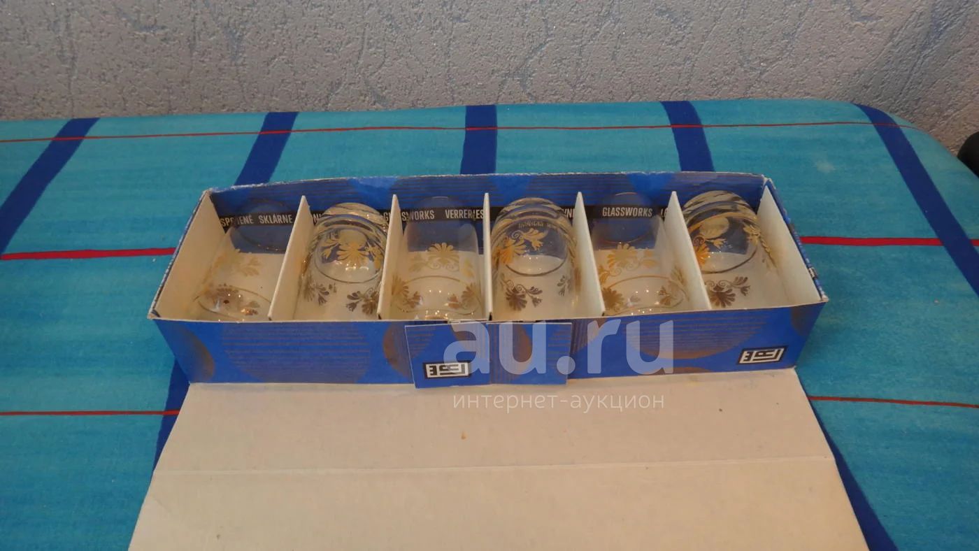 В наборе 6 бокалов-рюмок, высота 8 см.Производство- Чехословакия .Обьем 60 мл. Новые.
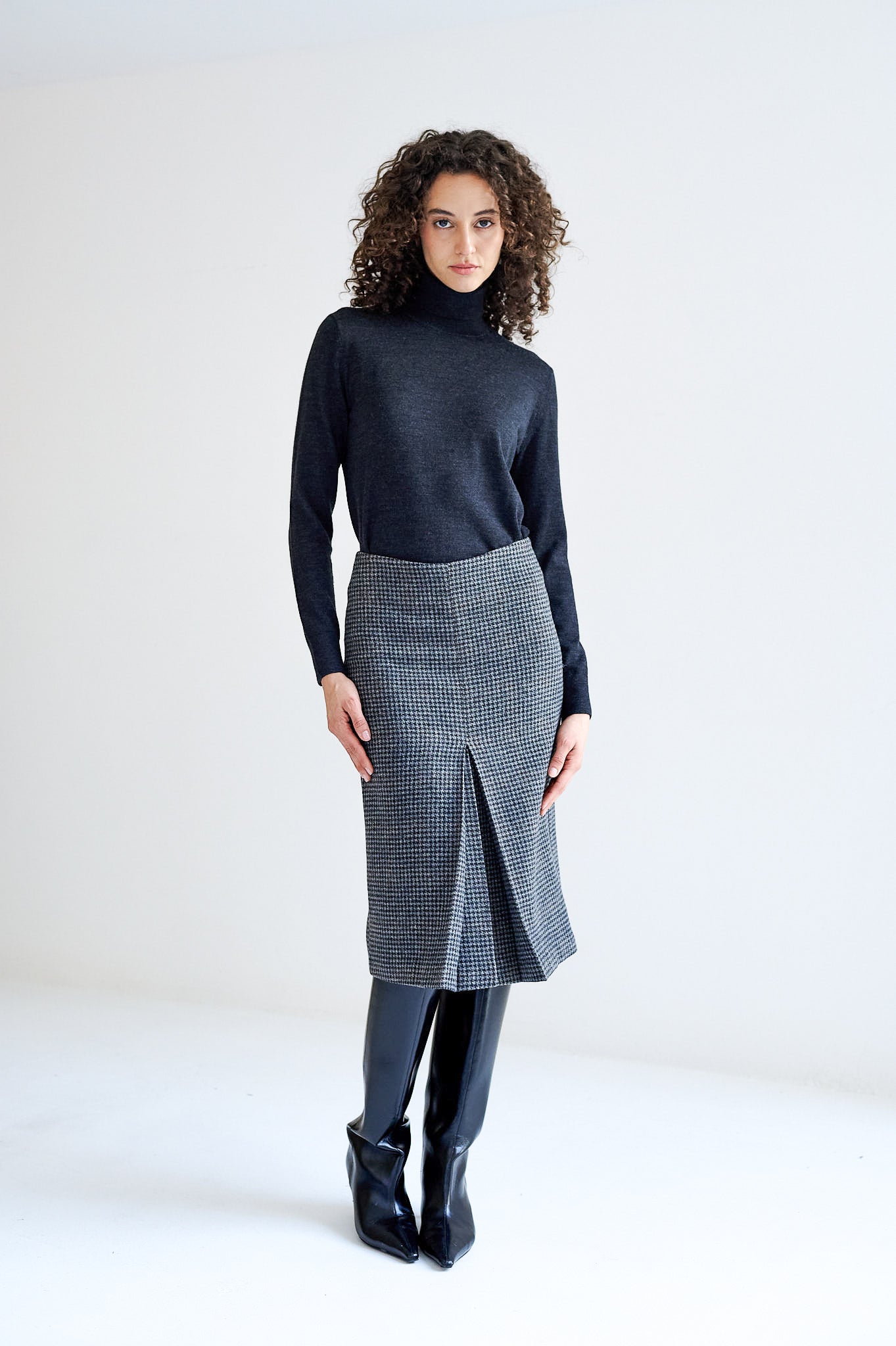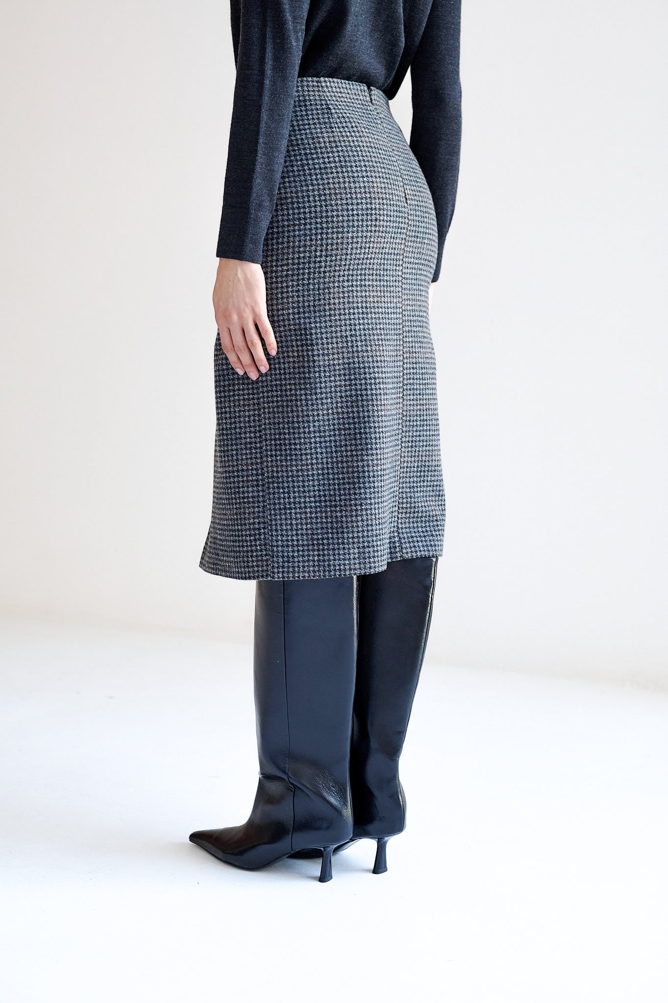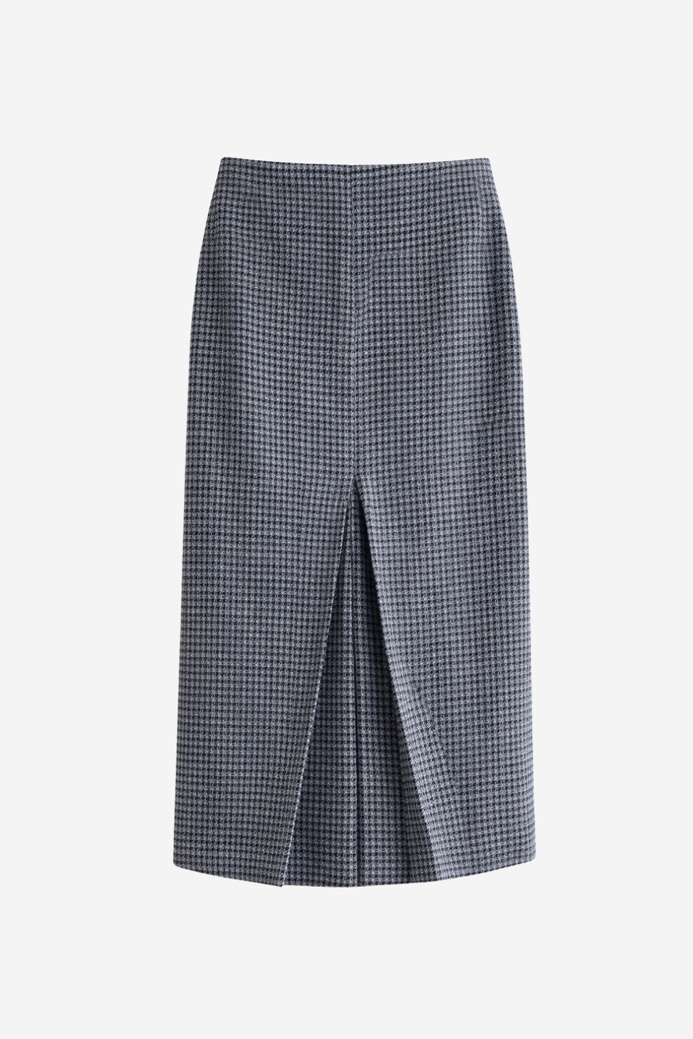 Falda midi recta de corte limpio, confeccionada en tejido de cuadros.Diseño de tiro alto con pretina estructurada y abertura frontal que aporta movimiento.
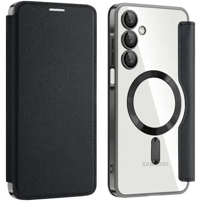 • Coque portefeuille Phonesta Luxury Crystal avec MagSafe pour Samsung Galaxy A16 - Noir
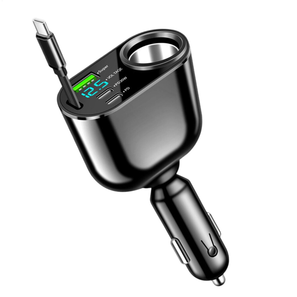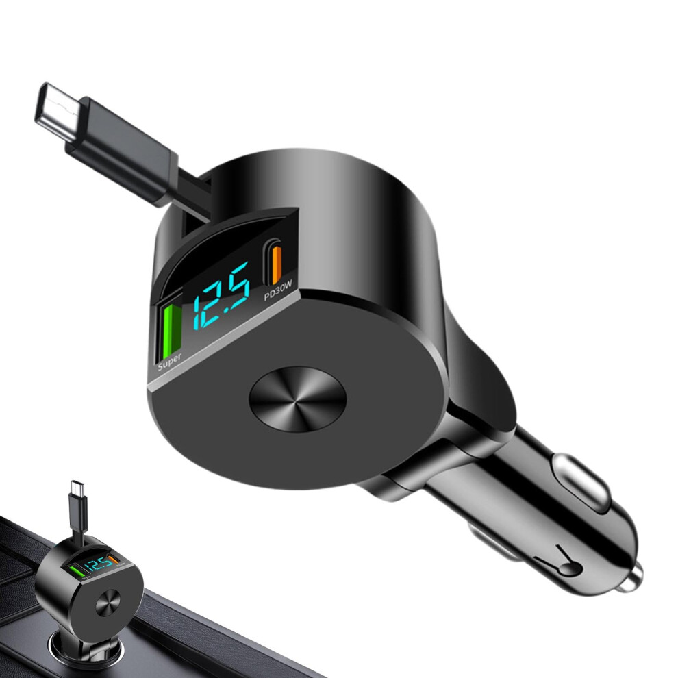 66W Digital Car Charger with Retractable Cable, Supports 0, Intelligent Fast Charging for Phones and Tablets (PD30WSuper fast)

## WHAT THE TASK REQUIRES
Repeat, exactly and only, the lines from the one containing "Falda midi recta" through the final line of the data, both ends included, leaving out any picture.

## YOUR RESPONSE
 Falda midi recta de corte limpio, confeccionada en tejido de cuadros.Diseño de tiro alto con pretina estructurada y abertura frontal que aporta movimiento.
 • Coque portefeuille Phonesta Luxury Crystal avec MagSafe pour Samsung Galaxy A16 - Noir
 66W Digital Car Charger with Retractable Cable, Supports 0, Intelligent Fast Charging for Phones and Tablets (PD30WSuper fast)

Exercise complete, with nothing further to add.